* [Data section]
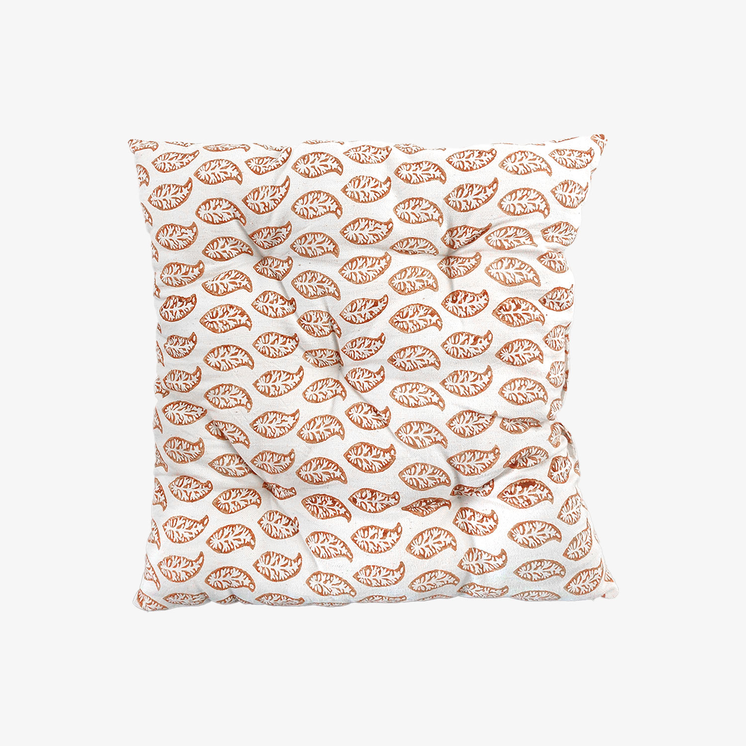 این تشکچه در محله تاریخی شهشهان در قلب اصفهان ساخته شده است.طرحها با قالب های چوبی کنده کاری شده یکی یکی بر روی پارچه ها نقش زده شده، سپس چندین بار شسته و در نهایت رنگها با بخار آب تثبیت شده اند. فرآیندی کاملا دستی، زمانبر و پر از دقت و عشق.
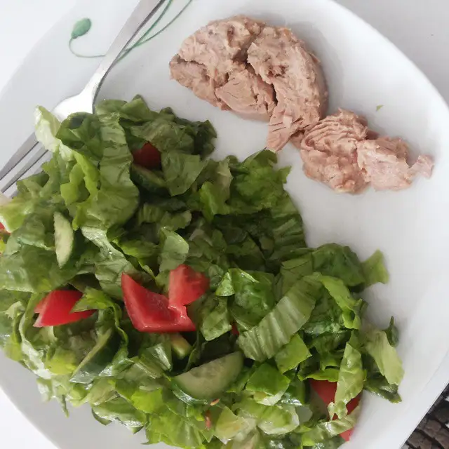 Öğlende ton balığı ve salata ( karıştırmayı sevmediğim için yan yana koydum :) )
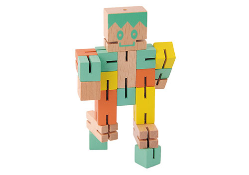 Drvena slagalica u obliku kocke zelene, narančaste i žute boje.

* [What you have to do]
Each line above should be printed again exactly, though the pictures should not be.

* [Problem solution]
 این تشکچه در محله تاریخی شهشهان در قلب اصفهان ساخته شده است.طرحها با قالب های چوبی کنده کاری شده یکی یکی بر روی پارچه ها نقش زده شده، سپس چندین بار شسته و در نهایت رنگها با بخار آب تثبیت شده اند. فرآیندی کاملا دستی، زمانبر و پر از دقت و عشق.
 Öğlende ton balığı ve salata ( karıştırmayı sevmediğim için yan yana koydum :) )
 Drvena slagalica u obliku kocke zelene, narančaste i žute boje.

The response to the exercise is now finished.